By definition and entrepreneur is someone who starts things. And starters are essential to keeping a society growing! Whether it’s a new business, church, school, or just about any other new thing you can imagine without the starter types we’d be stuck in a rut!

But there’s a problem that happens in these start up scenarios that often causes them to fail. And if we’re honest with ourselves, it in a way is the starter’s fault. Many starters can’t make the transition to the roles needed to keep an organization or business sustaining .

You see it takes a special breed of individual to start something. But often the kind of person who starts something isn’t the same skills needed to keep it going.

Another term for this is the founder’s trap. The person who founded the organization keeps functioning like the starter when the organization is well beyond the founding stages.

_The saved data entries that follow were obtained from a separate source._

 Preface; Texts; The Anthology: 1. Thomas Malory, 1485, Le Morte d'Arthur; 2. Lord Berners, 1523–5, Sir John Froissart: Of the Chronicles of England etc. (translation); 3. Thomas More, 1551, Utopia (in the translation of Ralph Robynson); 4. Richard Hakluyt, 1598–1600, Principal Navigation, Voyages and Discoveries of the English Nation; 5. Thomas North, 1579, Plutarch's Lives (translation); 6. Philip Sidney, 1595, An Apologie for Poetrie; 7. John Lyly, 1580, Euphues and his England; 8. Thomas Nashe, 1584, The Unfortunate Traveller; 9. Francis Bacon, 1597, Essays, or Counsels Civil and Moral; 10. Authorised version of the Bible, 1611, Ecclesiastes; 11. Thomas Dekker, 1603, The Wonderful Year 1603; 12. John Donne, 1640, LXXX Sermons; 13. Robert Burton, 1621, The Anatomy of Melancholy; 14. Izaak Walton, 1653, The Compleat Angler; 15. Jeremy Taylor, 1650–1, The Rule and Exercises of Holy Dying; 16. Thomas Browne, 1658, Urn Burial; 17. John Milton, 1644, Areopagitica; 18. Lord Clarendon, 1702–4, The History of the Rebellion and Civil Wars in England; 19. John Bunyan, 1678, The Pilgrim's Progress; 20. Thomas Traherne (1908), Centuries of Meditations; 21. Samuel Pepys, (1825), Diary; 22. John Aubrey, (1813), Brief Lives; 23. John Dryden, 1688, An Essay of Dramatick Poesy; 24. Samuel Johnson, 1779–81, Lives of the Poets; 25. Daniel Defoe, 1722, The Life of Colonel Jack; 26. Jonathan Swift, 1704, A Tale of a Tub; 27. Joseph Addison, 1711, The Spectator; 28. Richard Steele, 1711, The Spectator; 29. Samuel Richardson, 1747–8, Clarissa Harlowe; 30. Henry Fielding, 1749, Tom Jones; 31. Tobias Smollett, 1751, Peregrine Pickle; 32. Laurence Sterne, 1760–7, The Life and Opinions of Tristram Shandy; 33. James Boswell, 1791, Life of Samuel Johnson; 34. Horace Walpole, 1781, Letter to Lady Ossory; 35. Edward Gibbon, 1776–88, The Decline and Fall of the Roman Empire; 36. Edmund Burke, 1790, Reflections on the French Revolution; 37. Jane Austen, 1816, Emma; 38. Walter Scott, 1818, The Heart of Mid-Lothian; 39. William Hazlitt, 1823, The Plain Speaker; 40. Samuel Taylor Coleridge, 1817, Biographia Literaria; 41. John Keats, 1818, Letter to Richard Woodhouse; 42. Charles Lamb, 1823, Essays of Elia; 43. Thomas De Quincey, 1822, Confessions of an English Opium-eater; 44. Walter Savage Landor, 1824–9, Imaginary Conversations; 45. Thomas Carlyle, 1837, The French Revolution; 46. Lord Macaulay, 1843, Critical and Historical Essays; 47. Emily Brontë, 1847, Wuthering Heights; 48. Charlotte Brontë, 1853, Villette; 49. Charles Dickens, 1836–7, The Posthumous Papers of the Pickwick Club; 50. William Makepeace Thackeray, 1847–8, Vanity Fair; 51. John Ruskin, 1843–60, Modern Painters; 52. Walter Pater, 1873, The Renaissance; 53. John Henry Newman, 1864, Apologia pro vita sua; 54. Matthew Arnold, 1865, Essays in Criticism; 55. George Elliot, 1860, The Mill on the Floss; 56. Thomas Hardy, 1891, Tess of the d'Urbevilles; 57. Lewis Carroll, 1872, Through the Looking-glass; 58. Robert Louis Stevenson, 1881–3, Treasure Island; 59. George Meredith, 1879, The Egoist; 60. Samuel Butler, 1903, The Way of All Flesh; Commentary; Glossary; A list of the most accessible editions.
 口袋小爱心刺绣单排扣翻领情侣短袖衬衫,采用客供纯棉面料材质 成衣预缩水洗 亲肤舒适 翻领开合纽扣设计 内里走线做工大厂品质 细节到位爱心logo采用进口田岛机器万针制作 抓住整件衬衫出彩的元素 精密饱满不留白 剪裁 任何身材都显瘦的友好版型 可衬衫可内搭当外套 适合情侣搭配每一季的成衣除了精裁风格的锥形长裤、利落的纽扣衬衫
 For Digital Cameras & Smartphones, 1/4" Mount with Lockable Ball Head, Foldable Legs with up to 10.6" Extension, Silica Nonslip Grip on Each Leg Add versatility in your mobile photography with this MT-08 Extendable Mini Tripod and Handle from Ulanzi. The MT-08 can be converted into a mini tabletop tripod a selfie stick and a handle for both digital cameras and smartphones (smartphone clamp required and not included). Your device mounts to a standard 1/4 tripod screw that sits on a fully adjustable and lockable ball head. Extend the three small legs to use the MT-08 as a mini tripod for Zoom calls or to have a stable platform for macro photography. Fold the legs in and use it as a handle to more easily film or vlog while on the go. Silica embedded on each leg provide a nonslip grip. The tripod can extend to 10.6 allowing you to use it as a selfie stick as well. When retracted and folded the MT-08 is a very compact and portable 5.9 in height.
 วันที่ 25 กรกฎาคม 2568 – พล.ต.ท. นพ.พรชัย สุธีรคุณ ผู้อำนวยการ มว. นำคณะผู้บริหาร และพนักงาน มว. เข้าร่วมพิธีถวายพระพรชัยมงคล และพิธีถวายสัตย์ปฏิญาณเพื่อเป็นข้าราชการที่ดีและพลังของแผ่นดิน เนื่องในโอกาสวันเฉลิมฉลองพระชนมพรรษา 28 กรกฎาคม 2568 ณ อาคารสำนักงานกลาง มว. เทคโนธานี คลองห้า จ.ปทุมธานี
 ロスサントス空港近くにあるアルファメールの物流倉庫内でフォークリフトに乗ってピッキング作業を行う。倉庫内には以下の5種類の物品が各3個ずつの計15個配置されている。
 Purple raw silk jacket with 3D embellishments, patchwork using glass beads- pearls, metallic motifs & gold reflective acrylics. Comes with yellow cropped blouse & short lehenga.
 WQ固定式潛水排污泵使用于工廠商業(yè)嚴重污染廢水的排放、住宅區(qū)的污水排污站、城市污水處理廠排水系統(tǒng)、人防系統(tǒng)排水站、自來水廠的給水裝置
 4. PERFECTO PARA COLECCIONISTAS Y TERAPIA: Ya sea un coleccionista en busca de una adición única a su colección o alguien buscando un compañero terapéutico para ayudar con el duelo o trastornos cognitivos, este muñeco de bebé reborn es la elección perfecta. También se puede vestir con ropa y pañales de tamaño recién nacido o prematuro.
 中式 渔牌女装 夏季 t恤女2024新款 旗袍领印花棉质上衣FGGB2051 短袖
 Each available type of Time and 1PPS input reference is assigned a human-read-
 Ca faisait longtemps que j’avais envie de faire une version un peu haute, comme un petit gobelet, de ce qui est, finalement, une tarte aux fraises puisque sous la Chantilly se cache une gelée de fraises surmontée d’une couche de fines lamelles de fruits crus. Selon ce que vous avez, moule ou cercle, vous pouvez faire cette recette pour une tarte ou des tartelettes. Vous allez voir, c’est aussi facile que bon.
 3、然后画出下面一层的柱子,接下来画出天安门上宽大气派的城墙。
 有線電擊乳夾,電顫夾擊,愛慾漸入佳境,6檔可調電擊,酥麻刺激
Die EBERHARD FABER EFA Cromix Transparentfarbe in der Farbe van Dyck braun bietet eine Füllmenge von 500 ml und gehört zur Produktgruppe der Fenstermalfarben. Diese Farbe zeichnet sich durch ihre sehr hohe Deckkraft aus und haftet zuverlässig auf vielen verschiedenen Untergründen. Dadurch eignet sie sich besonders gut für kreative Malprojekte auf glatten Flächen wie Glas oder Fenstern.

You see when a new business or even nonprofit is started, the founder plays a lot of roles. Pretty much the founder does everything!

I remember when I started a church. I was the janitor, set up guy, tear down guy. I changed the lightbulbs and made sure the bathrooms were fully stocked. I vacuumed the carpets. I sometimes even pulled the trailer. I did the powerpoint set up and picked the songs we’d sing. I had my hand in just about every part of the church.

Now this is not to say no one was there to help but as the founder or starter I was kind of expected to be in all the things of the church. And that can’t last forever. The longer I let myself stay in the founder or starter seat, the harder it was to get out of that chair. The more things I did, the more things were expected of me. The starter needs to figure out a way to transition from the everything chair to the leadership chair and quickly give some authority away.

Entrepreneurs are wonderful people! I have some of those entrepreneurial tendencies to this day. I love to get a new thing going. But what I’ve learned, with some age and experience, is to give things away sooner rather than later.

Now here’s a little piece of experiential wisdom. The person you give it to likely won’t do it exactly the same way you do! And you have to be ok with that. If there’s a system, then they have to stay within the system. But if you give them the task of making it their own, you have to be willing to give it up!

I get asked questions a lot about things I have no control over anymore. I have given things to other people trusting that they will do the job to the standards we have set up. Sometimes they do. Sometimes they don’t. When they do it is applauded and I know very little about it. When things don’t stay within the framework of our structure or move toward the targets we have set up, then things go off the rails quickly and I have to get involved in areas I don’t want to touch anymore!

If you’re a starter kind of person, then find people you can trust and hand things over to them. Hand over tasks to people who can only handle tasks. But to those people who’ve proven themselves responsible, give away the authority that is need to get the job done. The more authority you can give away, the more work gets done and the more effective and efficient the organization becomes.